Wednesday, April 17, 2013

Chasing Butterflies


This morning is chilly and gray. I gear up for a day stuck inside with the two girls--breaking out the crayons early--but, to my surprise and our communal delight, the sun appears and we escape the house.

I open the door, and my girls rush out, Mari pausing to go backward down the step from the door to the porch, and again from the porch to the walk.

"Chase my shadow, Mommy," Cim hollers immediately, beginning her new favorite game. Leaving Mari cackling and waving her arms behind us, we take off down the driveway and run back and forth, taking turns jumping on each other's shadow.
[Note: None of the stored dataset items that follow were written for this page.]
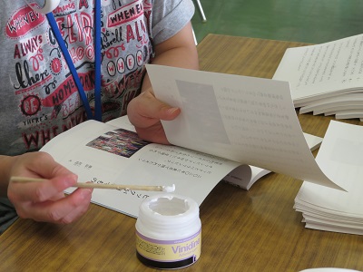 3年生の国語下の教科書に訂正があり、本の修理になれている図書ボランティアの方にお願いしてやってもらいました。
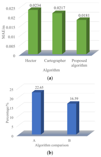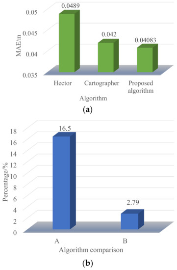 Promenade error variation diagram. (a) Comparison of mean absolute errors (b) Comparison of algorithm enhancement (A: Hector vs. proposed algorithm; B: Cartographer vs. proposed algorithm).
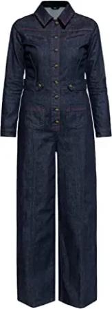 Damen Langarm Jeans Overall Denim Overall Kontrastnaht Jeans Einteiler Ausgestelltes Bein
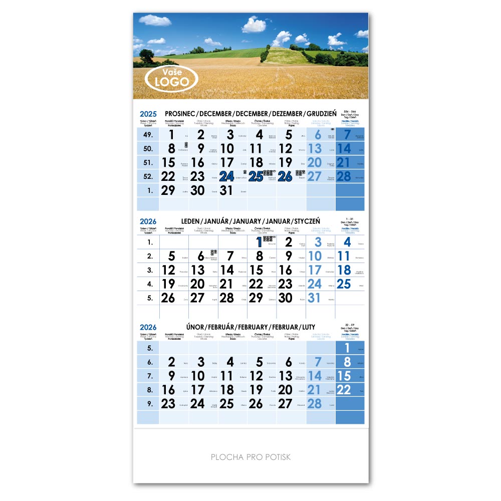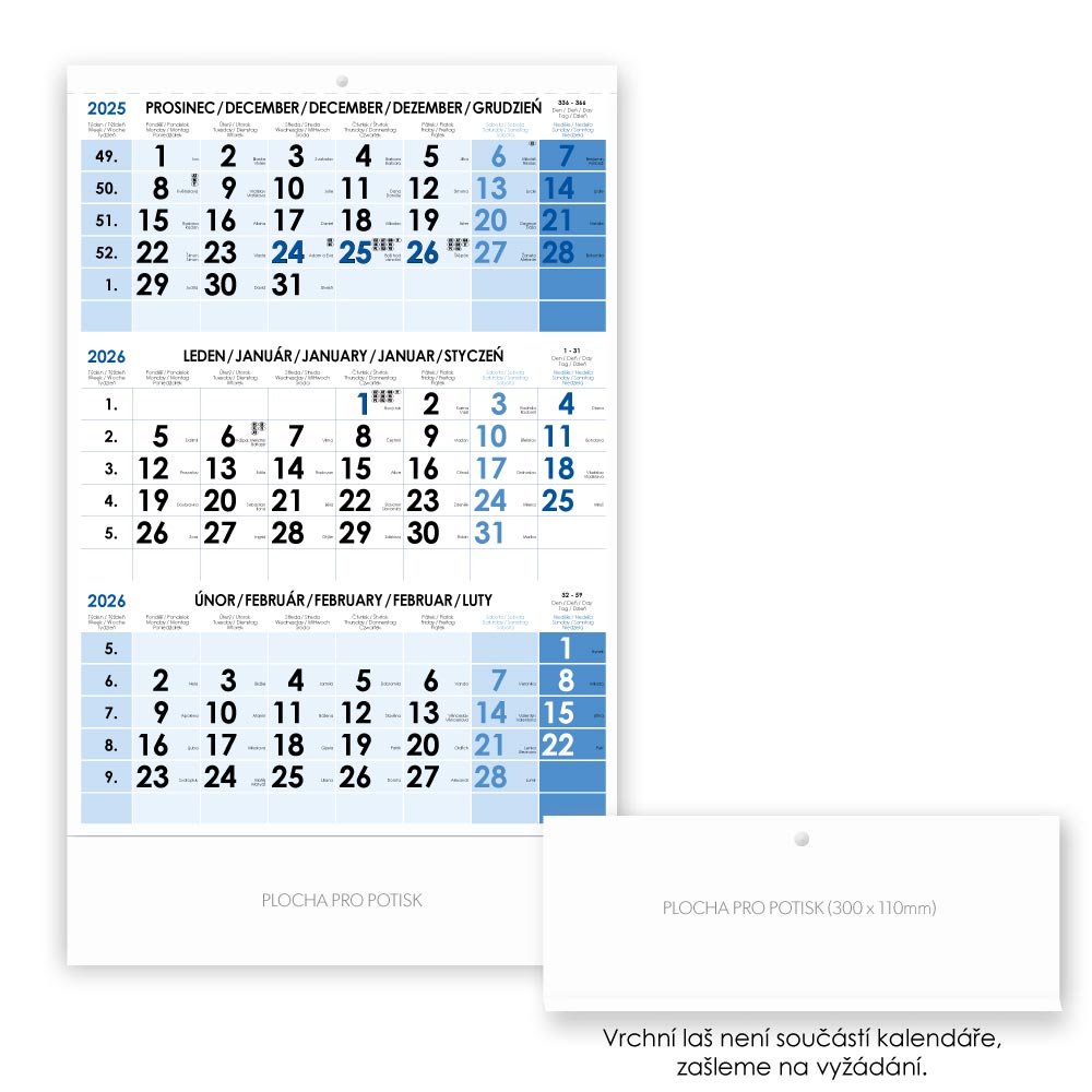 Tříměsíční kalendář Trio český 2026 - modrý
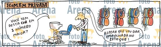 aivari09028 ADÃO ITURRUSGARAI, MUNDO MONSTRO, 3950, VARIEDADES, FOLHA DE SÃO PAULO, 13.08.2009.DiálogoHomem Privada.- Você tem desta cor em 1 número maior?- Espera que vou dar uma olhada no estoque!
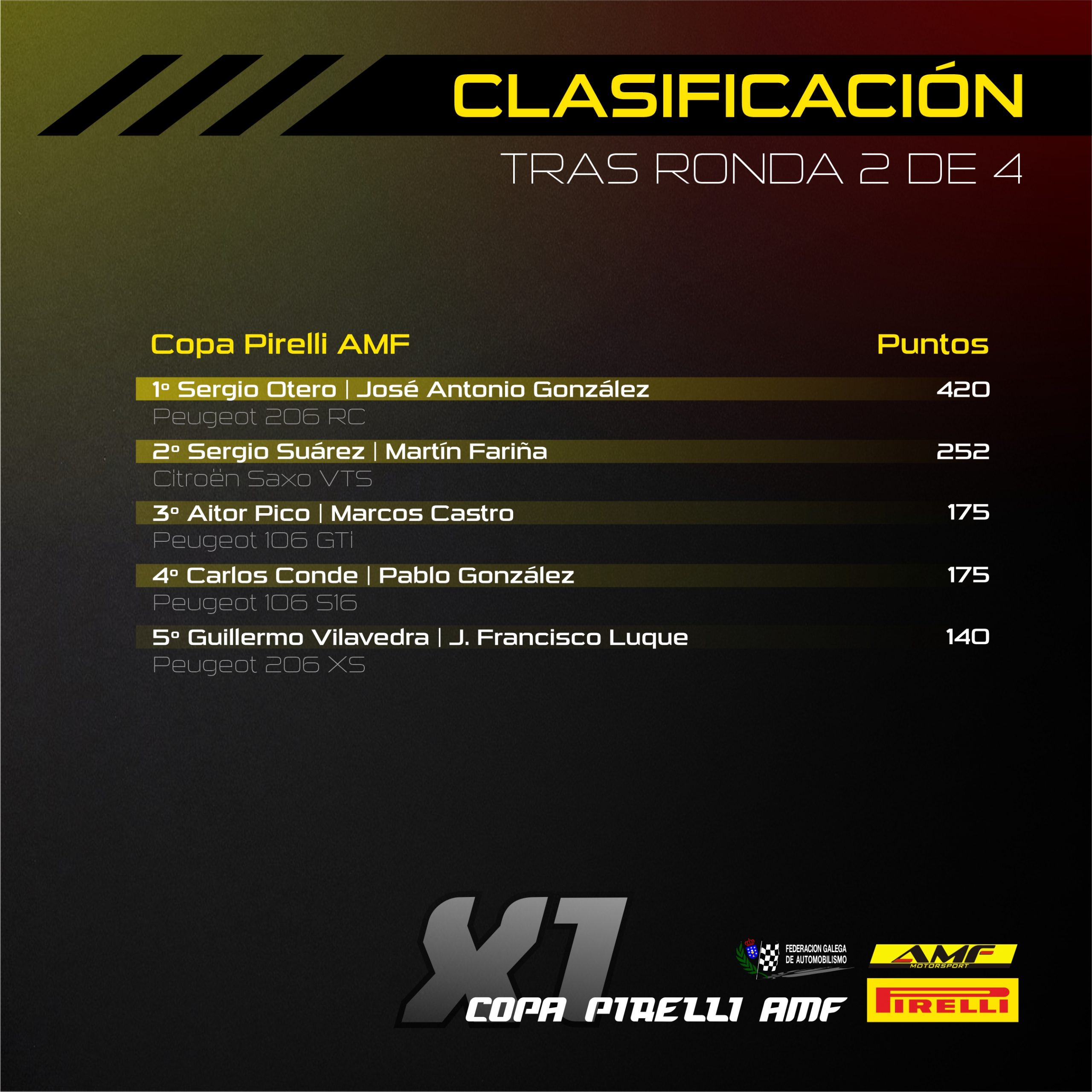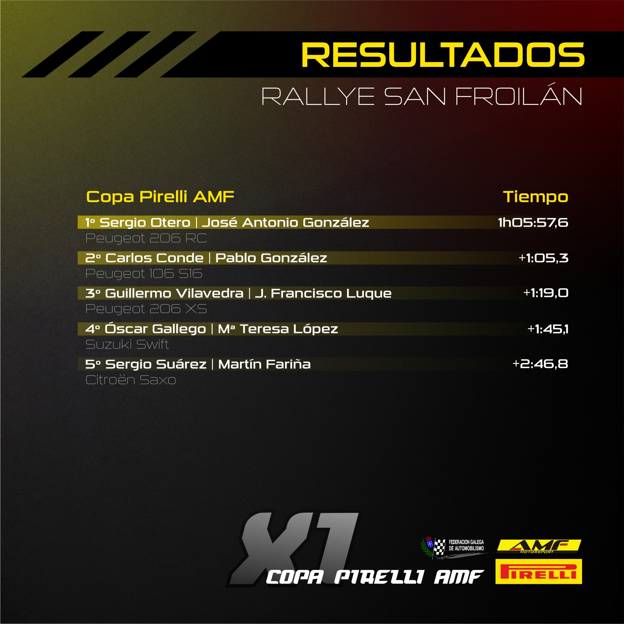 La segunda cita de la Copa Pirelli AMF, el Rallye San Froilán, iba a dejar un claro dominador al frente del certamen. Sergio Otero, muy rápido desde los primeros kilómetros, conseguía una nueva victoria que le deja con una importante ventaja en la cabeza de la clasificación. Los principales rivales que Otero debía hacer frente, Aitor Pico y César Díaz, tuvieron que retirarse.
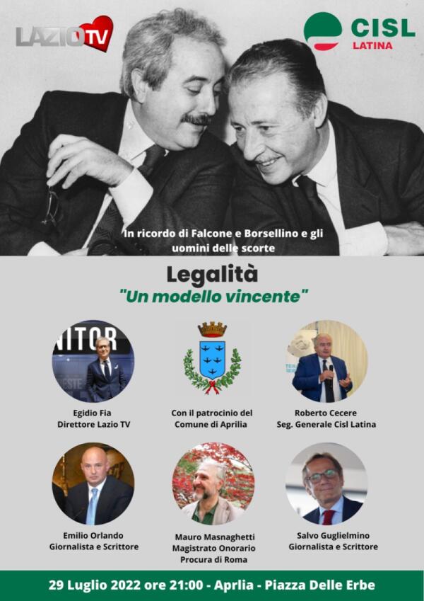 Stasera a Sezze la prima tappa dell’evento targato Cisl Latina dal titolo “Legalità: un Modello Vincente”.
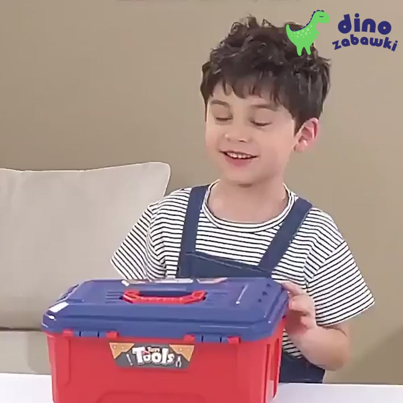 Tools – skrzynia narzędzi małego majsterkowicza to zestaw pełen realistycznych narzędzi, takich jak młotek, klucz francuski, śrubokręt, piła, szczypce, elektryczna wkrętarka oraz elementy do skręcania i budowania. Poręczny warsztat zachęca dzieci do kreatywnej zabawy w konstruowanie i naprawianie.
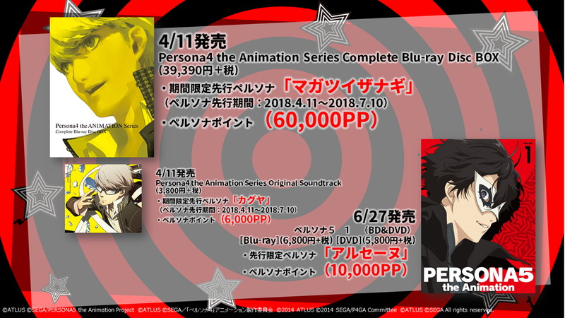 探索機能他で貯めたペルソナポイントはイベント・抽選施策の応募、ペルソナ召喚等に使用できる。4月11日発売のTVアニメ『ペルソナ4』シリーズBDBOX・サントラ、6月27日発売のTVアニメ『ペルソナ5』 BD&DVDにもペルソナポイントや限定先行ペルソナが付いてくるのでこちらも確認しよう。
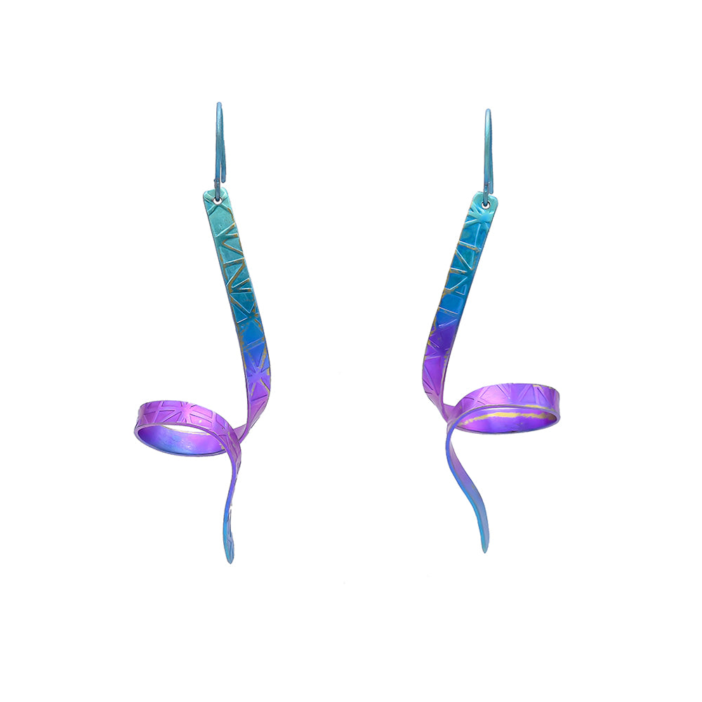 Ανάγλυφα σκουλαρίκια από ανοδιωμένο τιτάνιο, σε αέρινο σχήμα, που εναρμονίζεται άψογα με τις κινήσεις του κεφαλιού και το σχήμα του προσώπου
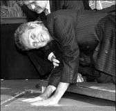 El actor Christopher Walken estampa sus manos en cemento fresco, durante una ceremonia realizada ayer en el Teatro Chino Grauman, en Los Angeles FOTO REUTERS
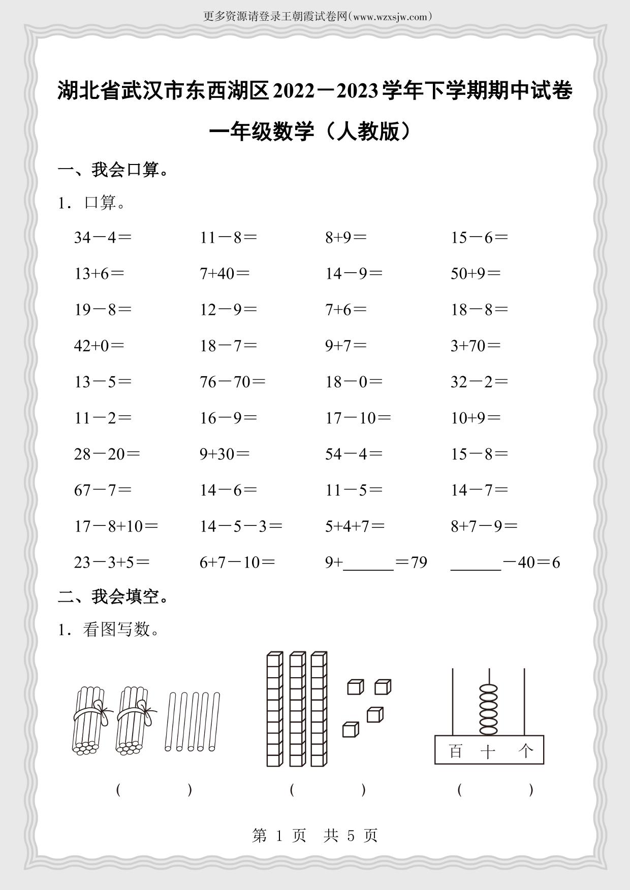 湖北省武汉市东西湖区2022-2023学年下学期期中试卷一年级数学(人教版)
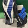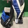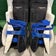 White Black & Blue Intermediate True Catalyst 7X3 Goalie Leg Pads (Used) | 31"+2"
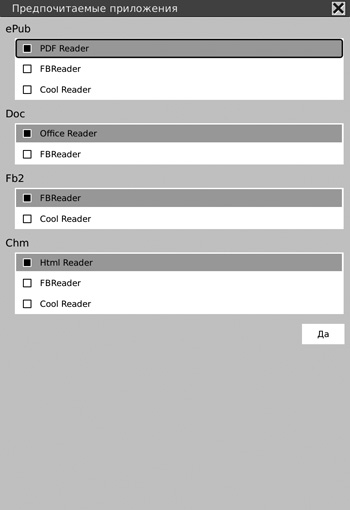 Отдельно остановимся на настройке предпочитаемых приложений, которая позволяет выбрать приложение для работы с тем или иным форматом. На мой взгляд, очень грамотное дополнение, позволяющее сделать работу с букридером еще более удобной и эффективной.
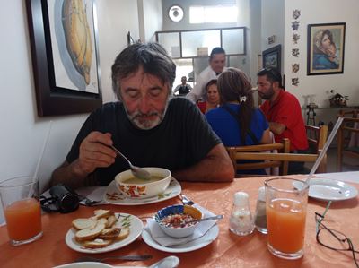 Le meilleur restaurant de notre voyage : tout cela (salade, soupe, lomo à la sauce à l'ananas, riz, purée, dessert et jus) pour 4€
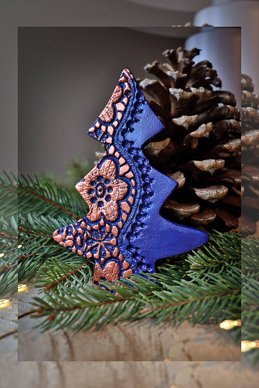 Ručne vyrobený vianočný stromček zo samo tvrdnúcej hlinenej hmoty s elegantnou pretláčanou textúrou.
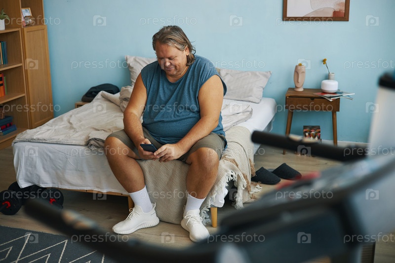Упражнение мужчина сидит на кровати в спальне

Mari runs in haphazard zigzags, sometimes in the grass, sometimes on the asphalt of the driveway. She examines sticks, rocks, dandelions, and purple clover, pausing only briefly with each before running on to the next new thing. That's how she's lived since she began crawling at 5.5 months old.

As I tire and begin to slow, I notice small white butterflies flitting about the fields surrounding the house. "Look," I say, holding Cim still with one hand and pointing with the other.

"Butterflies! I can catch them!"

And she's off.

Mari and I tag along, sort of. Mari staggers over the bumpy ground of the field that has not yet been plowed for soybeans or hay. She's in no hurry, at times plopping down unceremoniously to study a clump of grass, or just to whine for a moment and get a hug before wading through more of the grass clumps that come past her knees.

Cim is off in the distance, her magenta "dancing skirt" flapping as she runs, her black shirt contrasting with the  glow of her blond hair in the sun. She runs back and forth, chasing first this butterfly, now that one, laughing and shrieking, and not caring at all that I'm a small figure in the distance.

How easy it is for her to leave me behind, my mind whispers. How easy it is to go from one butterfly to the next, never looking back.

My mind hints that there's a metaphor there; something about chasing insubstantial things and not realizing we've strayed from the path; or, on the other hand, something about how a goal, even one that may change before we get there, can help us travel farther than we ever would have dared otherwise.

But today, she's small, and so far from those important life decisions for which a metaphor might be useful; as for me, my mind is fuzzy with warmth and light. It's spring. Summer and fall will come soon enough. I'm not going to question it today. Today I'm going to chase butterflies.